The costs of owning a detached bungalow in Vancouver take up 82.3 percent of a typical household’s income, up 0.1 percentage points from the previous quarter. In Toronto, the largest city in Canada, that figure is 53.8 percent, up 0.8 points, according to a housing affordability report for the first quarter produced by Canada’s largest lender.
“The Canadian housing market cooled significantly in the past year,” Craig Wright, chief economist at Royal Bank of Canada, said in a statement. “There is mounting evidence that activity is no longer weakening.”
A “significant nationwide price correction” isn’t imminent as long as affordability stays within the current range, Wright said.
Exceptionally low mortgage rates have been the chief factor in keeping homeownership costs relatively affordable, RBC said.
Finance Minister Jim Flaherty tightened mortgage rules four times in the last five years amid concern that overbuilding in some markets could lead to a sharp drop in prices. The Bank of Canada forecasts housing investment will be a drag on economic growth this year and next.

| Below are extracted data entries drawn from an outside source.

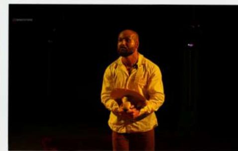
O Campo de Concentração de 1932 2021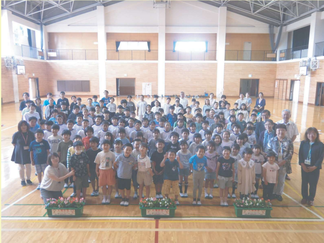
小学校における「人権の花」贈呈式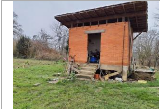
Marque sur bâtiment

Coordonnées WGS84 : X: 1.43909200 / Y: 43.56580840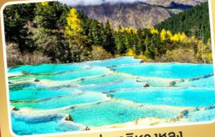
อุทยานแห่งชาติหวงหลง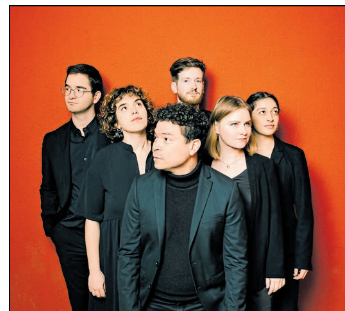
Das Alafia-Ensemble verbindet klassische Musiktradition mit innovativen Arrangements.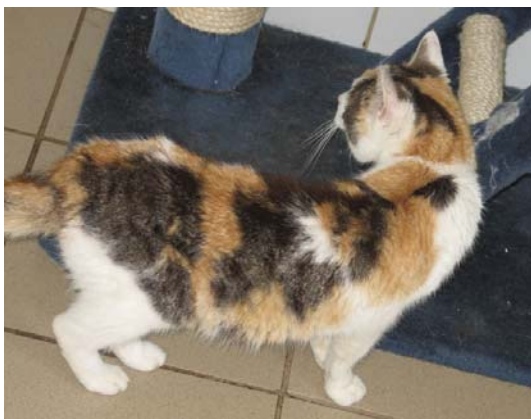
Abb. 4: sehr dünne Katze

Insgesamt war die Übereinstimmung zwischen 2 Beurteilern für Katzen besser als für Hunde. Dies könnte ebenfalls daran liegen, dass zu den Katzen persönlicher Kontakt möglich war, die Hunde aber nur von außerhalb des Zwingern beurteilt wurden und daher im Regelfall eine größere Distanz zwischen dem Tier und dem Beurteiler vorhanden war.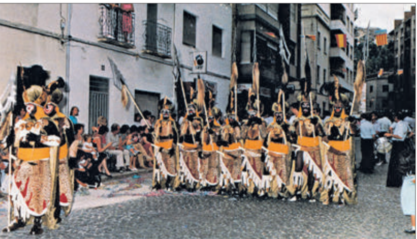
La filà Canibals, als anys 80.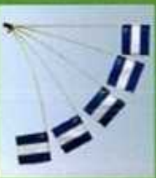
コーナーフラッグを正しく設置する位置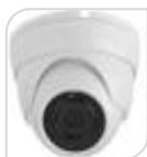
4/1 SE-MID-36-4MPA € 96,00

DOME IR 4.0Mega Pixel (2500*1600p) - uscita HDCVI/TVI/AHD/CVBS 4 Megapixel - Obiettivo fisso 3,6mm - LED 24 - Distanza IR 15/20m Day/Night con filtro meccanico - IP66 in Case Metallico - DC12V ACCESSORI PFA 13A * DIMENSIONI 90 x 66 x 66 mm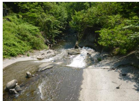
川口川 (みどり第 1 水源付近)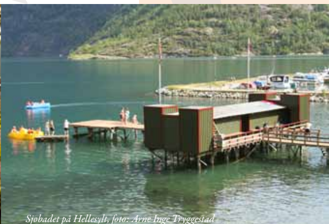
Sjøbadet på Hellesylt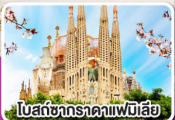
โบสถ์ซากกราดาแฟมิเลีย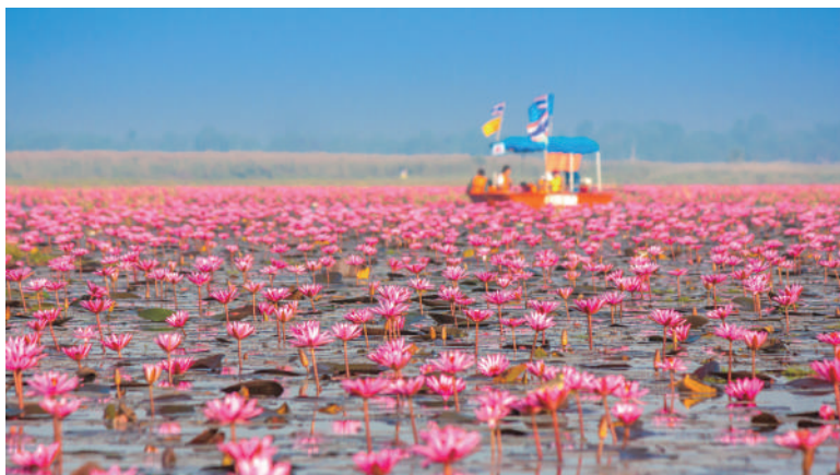
タイ北部のノンハン湖(新千歳発着としては初登場)

世界の名曲の歌声に聴き入り、旅情味わうひと時をお過ごしになりませんか? 秋から来春にかけての世界各地の旅を、幅広くご用意いたしました。映像をご覧いただきながら旅の魅力やポイントをご紹介します。当日は、下記の7コースの発表に加え、世界のお土産が当たるお楽しみ抽選会も行います。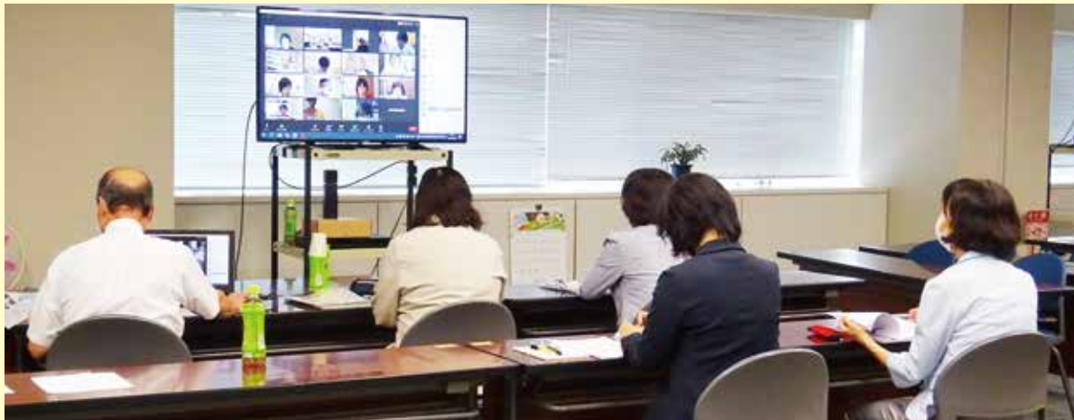
Zoomを活用し、オンラインで開催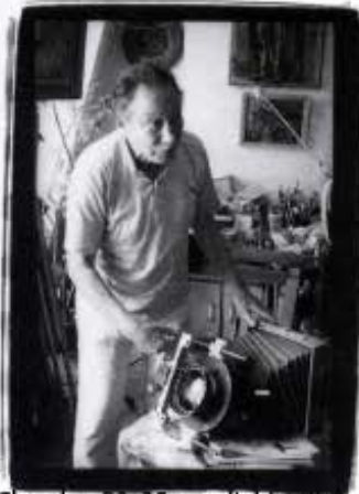
Chambre 20x25 avec l'objectif de prise de vue aérienne 3056/ 2.8.

Comme une histoire américaine débute toujours par une anecdote, voici celle qui propulsa le jeune Gene Fenn sur le chemin de son destin.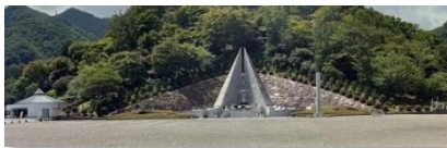
慰霊の園(日航機墜落事故慰霊碑)(上野村)

事故現場には慰霊碑(昇魂之碑)(写真右)が立てられています。毎年8月12日には麓にある「慰霊の園」(写真左)で追悼慰霊式が行われています。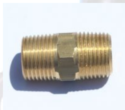
ניפל כפול פליז - 122B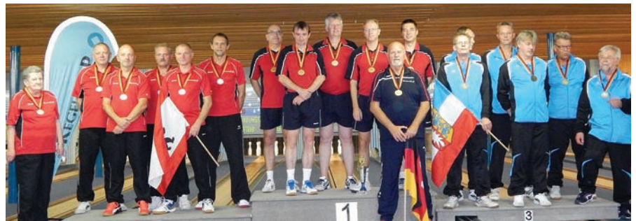
Herren A, v.l.: Berlin, Niedersachsen, Schleswig-Holstein.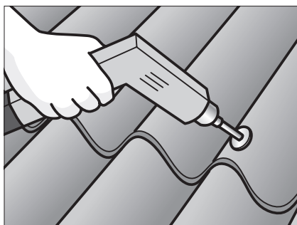
Fastgør løse skruer.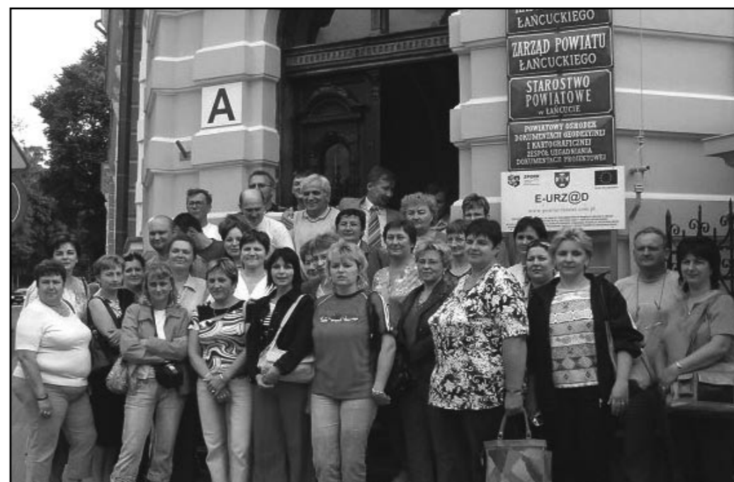
A lancuti városháza előtt a magyar delegáció tagjai

A hivatal megtekintése után el látogattunk a város sportcentrumába, ahol egy 1000 fő befogadására alkalmas sportsarnok, úszómedence, pezsgőfürdő, biliárdszalon, edzőterem és rendezvény terem várja a látogatókat. Másnap a Potoczky család kastélyát és a hozzá tartozó kocsiműzeumot jártuk be. Ebéd után az italmúzeumban mutatták be a vodka- és a likőrkészítési eljárást és a program végén lehetőségünk volt a tradicionális lengyel italok kóstolására. Az esti program a Markowai Skanzenben folytatódott, ahol jellegzetes, hagyományos lengyel épületeket láthattunk. A járási vezetőkkel és a markowai polgármesterrel elköltött vacsora után zenés-táncos mulatságot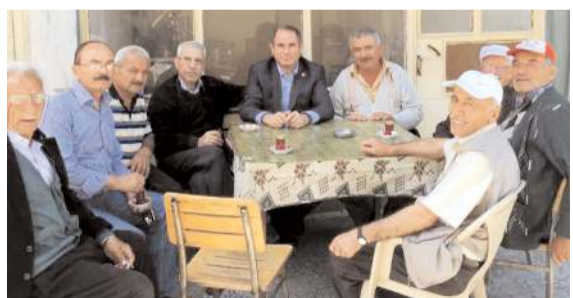
CHP eski İl Başkanı Gürsel Yıldırım, açıklamalarda bulundu.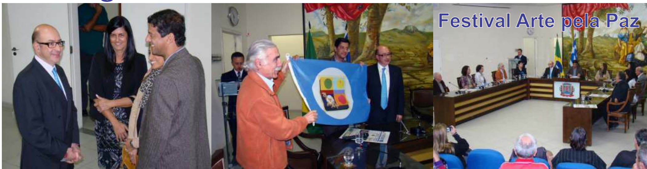
Festival Arte pela Paz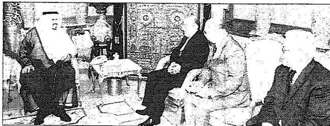
ولي العهد خلال استقباله في الرياض أمس الأول وزير شؤون الطوارئ في جمهورية أذربيجان الفريق أول كمال الدين حيدروف.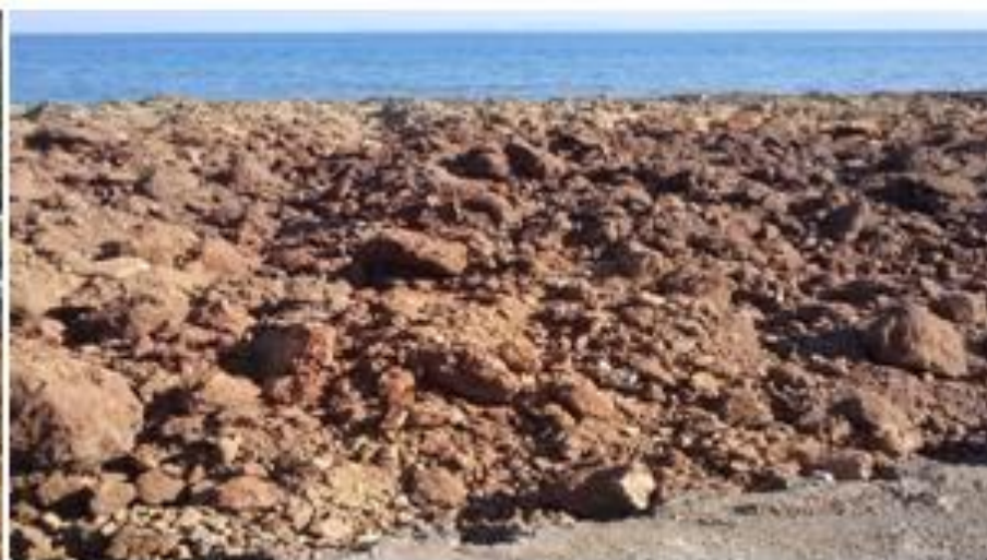
Προετοιμασία πεδίου- εκσκαφή.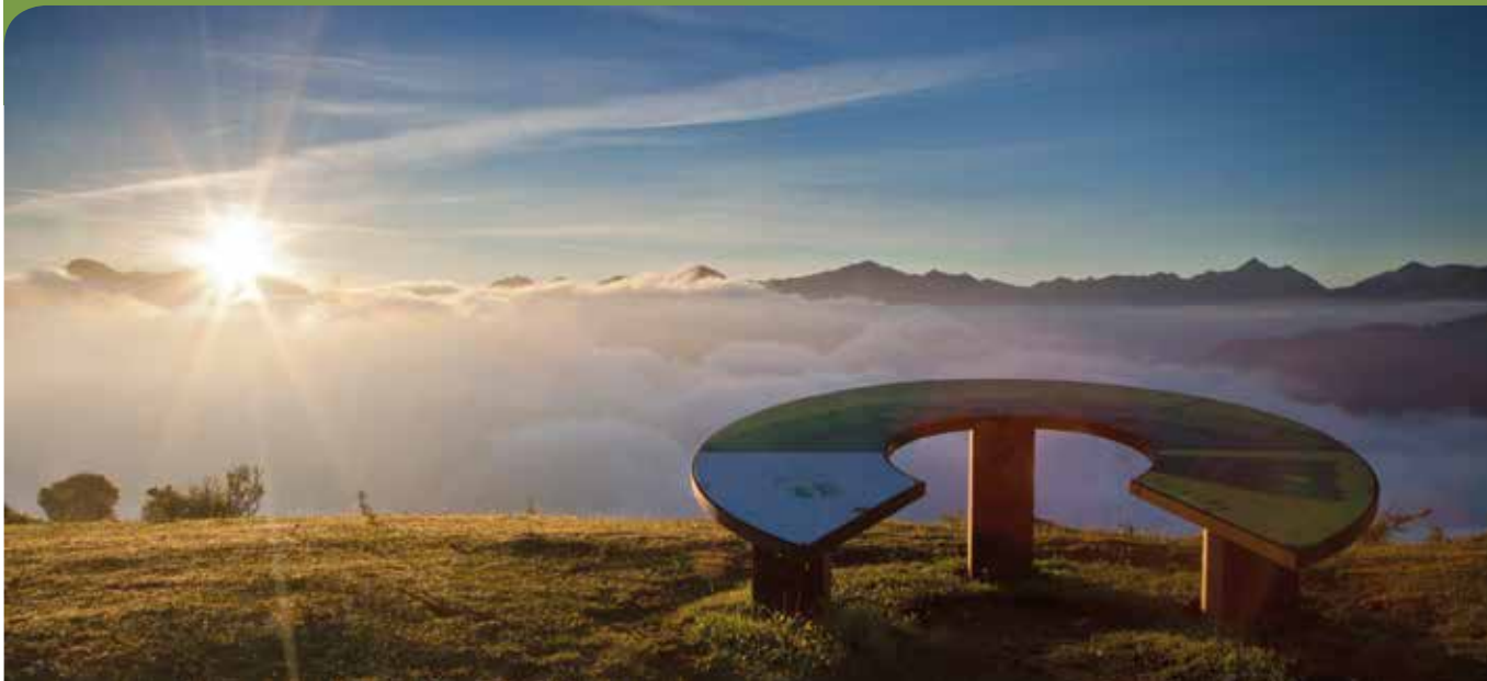
Mirador de Coto Bello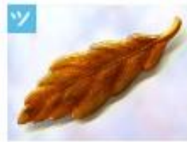
木の葉のブローチ .....1,500円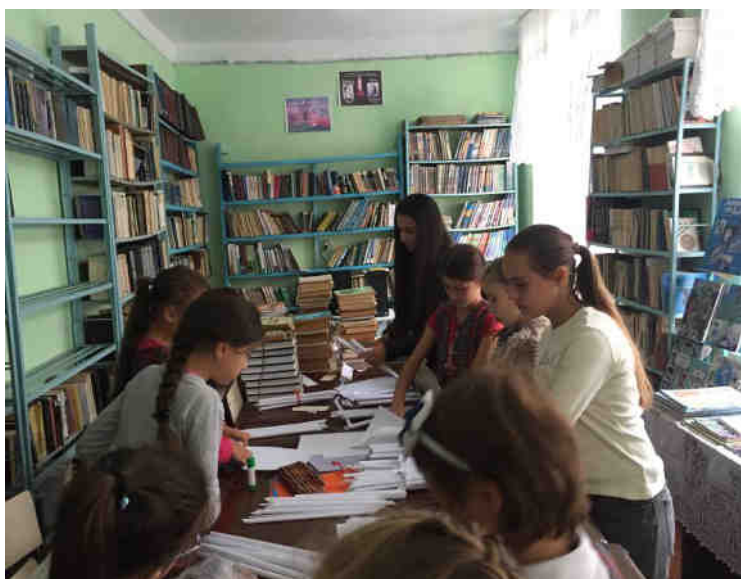
Biblioteca noastră primitoare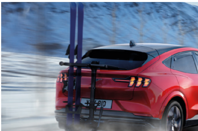
UCHWYT NA NARTY MONTOWANY DO HAKA HOŁOWNICZEGO (2 483 279)

“While affordability levels are manageable at this point, we’d be humming a very different tune if interest rates were to suddenly rise substantially,” Wright said. “Fortunately, the likelihood of a surge in rates is slim at this stage.”
Across Canada, the costs of owning a standard two-story home take up 48 percent of a typical household’s monthly pretax income, while condominiums eat up 28.1 percent, according to the index. Both figures are unchanged from the previous quarter.
The RBC housing affordability index, compiled since 1985, measures how much of pretax household income is needed to own a home, including mortgage payments, utilities and property taxes. A rise in the measure shows a deterioration in affordability.